How about this Willard? Shut the hell up. You are not the Answer Man. If the First Presidency doesn’t think it’s important to provide the answers you’re trying guess and fabricate and pull out of your spiritual arse, who are you to second guess both the canon and the living prophets? And who is this other guy that you’re encouraging to make even bigger and better guesses at these, secret, convoluted, cosmic "Truths" you like to make up out of fairy dust and some nebulous comment you overheard in the hall from some GA or the other? This other guy is a good-intentioned patsy you’re perverting, contaminating and corrupting, and dragging down to speculative hell along with you. That’s who this other guy is.

And while you’re getting all offended out there, let me tell you up-front I think that other guy could be you!

Cleon Skousen is a creature of mythology. Cleon Skousen was spreading myth, not doctrine. And now, W Cleon Skousen has become a myth himself. And instead of his presumptuous, spiritual theorizing having the good grace to die with him, his devoted coven of friends and defenders continue to perpetuate his entirely unauthoritative rambling as if his power to seduce the Mormon mind was controlling them from beyond the grave. Why? Because Skousen was one of the first to capitalize on the nearly universally held Utah myth that LDS general authorities are all walking around the temple talking directly to Jesus all day, and are possessed of volumes of great, deep, secret knowledge and wisdom gained in these conversations. And Skousen was one of the first, after William Bennett or say, Sampson Avard, to successfully convince masses of the LDS faithful that there is something so special about himself that all of these great LDS authorities are just begging to have him as their confidant.

"Modern" LDS authorities it is held in Utah Mormon culture, are constrained by the Almighty to "water down" all the "hard doctrines" Skousen likes to allude to, in order to make a mass-appeal more palatable to the ignorant, spiritually retarded masses from which the missionary program has to recruit new membership. After all, those prophets and apostles can’t really tell us all they know about these "higher doctrines," so we’re just lucky to have old Willy on hand to discretely let us in on all the inner secrets. This is not invective, this is not vitriol, this is the premise upon which one has to hinge any acceptance of anything Cleon Skousen has promoted his entire life, spiritually, doctrinally, or for that matter politically. His bogus political claim to have been the personal assistant of J Edgar Hoover is exactly the same gambit he used his entire life in alluding to some vague, but apparently very close and official connection to the First Presidency, various General Authorities, and of course the crowning LDS institute of higher education, BYU. But, as Hoover repeatedly found himself correcting: there never was any such relationship to any of these props of intellectual, moral, mental, or patriotic credibility. Cleon Skousen, simply put, is not a credible person on any level or in any fashion imaginable.

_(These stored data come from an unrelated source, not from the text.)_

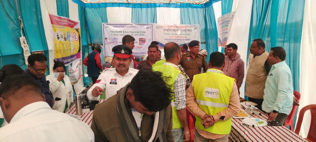 इस दौरान इन्हें यातायात नियमों के पालन हेतु शपथ कराई गई।इसी प्रकार आज के स्वास्थ्य शिविर में उपस्थित हुए वाहन चालक एवं परिचालकों का शुगर बीपी सहित आंखों की जांच की गई जिसका लाभ 900 से अधिक वाहन चालकों ने लिया एवं जांच में पाई गई स्वास्थ्यगत समस्याओं के उपचार सहित देखभाल की जानकारी भी दी गई।
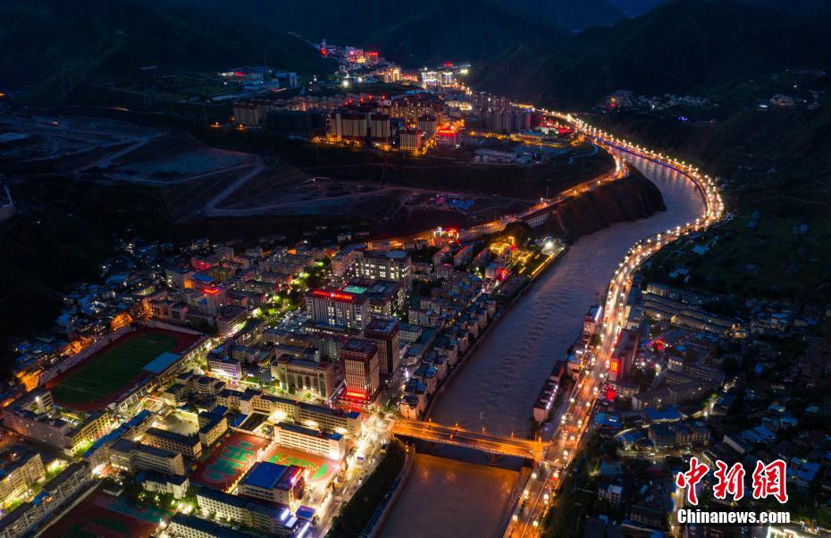 圖為7月29日,俯瞰夜幕下的昌都市區(qū)。中新社記者 何蓬磊 攝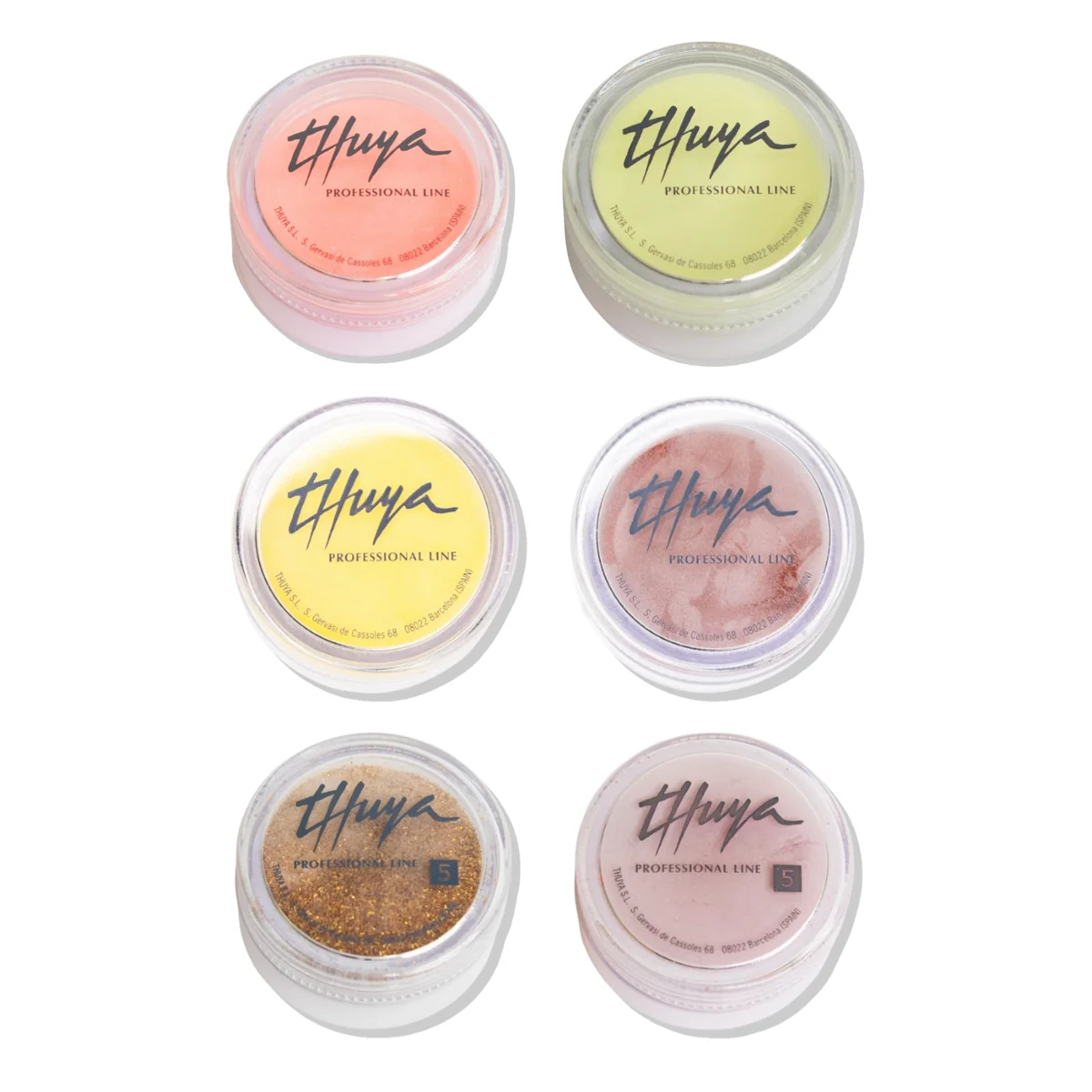 Kit de 6 tonos de polvo acrílico para decoraciones de uñas.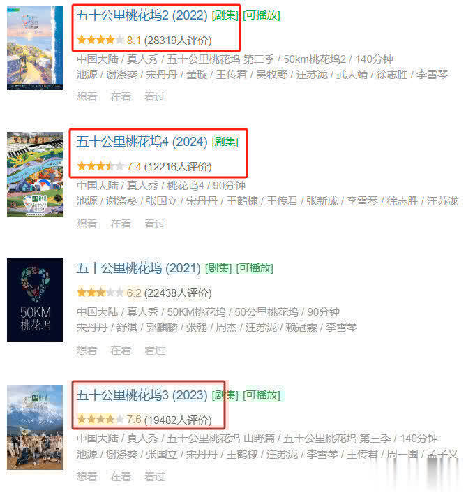 其实《五十公里桃花坞》第一季豆瓣评分刚过合格线。 可后头却是越作念越高。 第二季豆瓣高达8.1分,不雅看东谈主数也突飞猛进。 就连第三季和第四季,也踏着实了7.5分高下。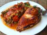 Zutaten: 1 Huhn 400g kleine Strauchtomaten 1 großes Bund Steilmangold 1 mittelgroße Zwiebel 2 Knoblauchzehen 2 Esslöffel Honig einige Zweige frischen...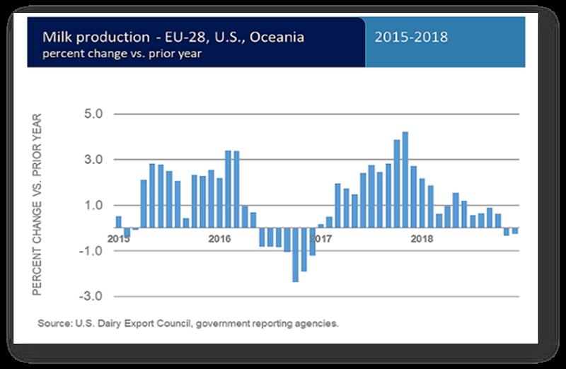 Como el mayor exportador del mundo, la producción de leche de la UE siempre tiene un gran impacto. El clima ha deprimido la producción en Alemania y Francia (-2,1% en octubre-noviembre) y las regulaciones de fosfato han hecho lo mismo en los Países Bajos (-5,7% en septiembre-diciembre). Los crecimientos en Irlanda y Polonia no han sido suficientes para compensar. Las entregas de la UE-28 bajaron alrededor de un 0,5% en los últimos cinco meses de 2018. Estimamos un rendimiento de entre un 1,0% y un 1,5% en el primer trimestre del año y esperamos ver poco o ningún crecimiento para todo el año.
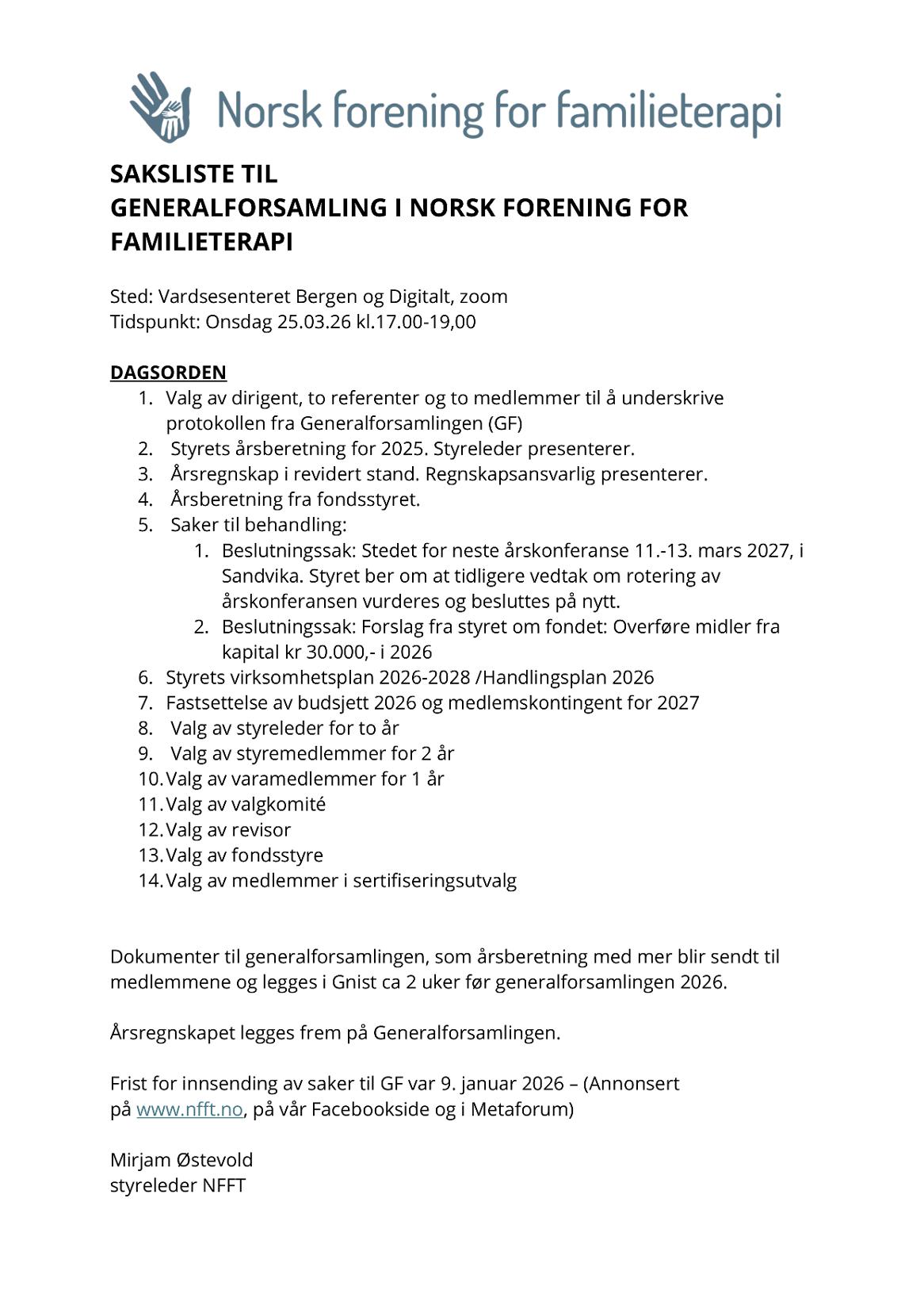 NFFT er en forening jeg er stolt av å få være en del av! Engasjementet er så tydelig i alt som gjøres rundt om i landet, og det skjer mye godt arbeid for å spre kunnskap om familieterapi i lokallag i hele landet Jeg blir oppriktig inspirert av hvordan mange av dere legger ned tid, erfaring og entusiasme for å løfte et fag vi vet gjør en forskjell for de vi møter i vårt arbeid Tusen takk også til dere som har gått foran i denne foreningen, jeg kjenner meg stolt av arven vi bærer med oss.

Boudreau-841019_bNice guy maybe–deep thinker, but no credibility. He made a good living spending his whole life pulling Commies and Mormon folk doctrine out of his arse. And God bless him. If people were and still are gullible enough or stupid enough to think he’s some sort of spiritual or political genius that they’re willing to cough up the dough to indulge and support him in his little fantasy world, guess he has the last laugh. Many’s a time I thought of taking up the banner and making a few bucks off the religion, but I just kept coming back to that notion of “priestcraft,” and could never quite separate the concept from what guys like Glenn Beck and Cleon Skousen always end up doing. There’s still hope for Beck I guess, but his facilitation of Skousen’s rebirth as one of the greatest thinkers and patriots ever to come out of an American womb unfortunately puts him in the “more harm than good” category on a dangerous level.

Skousen’s book The First 2,000 Years, published in 1953, included a section on God that can only be described as blasphemous.

Under the subtitle “The Source of God’s Power,” he wrote,

“Through modern revelation we learn that the universe is filled with vast numbers of intelligences, and we further learn that Elohim is God simply because all of these intelligences honor and sustain Him as such…His glory and power is something which He slowly acquired until today, ‘all things bow in humble reverence.’ But since God ‘acquired’ the honor and sustaining influence of ‘all things’ it follows as a corellary (sic) that if He should do anything to violate the confidence or ‘sense of justice’ of these intelligences, they would promptly withdraw their support, and the ‘power’ of God would disintegrate. This is what Mormon and Alma meant when they specifically stated that if God should change or act contrary to truth and justice ‘He would cease to be God.’ Our Heavenly Father can do only those things which the intelligences under Him are voluntarily willing to support Him in accomplishing” (pp.355-356).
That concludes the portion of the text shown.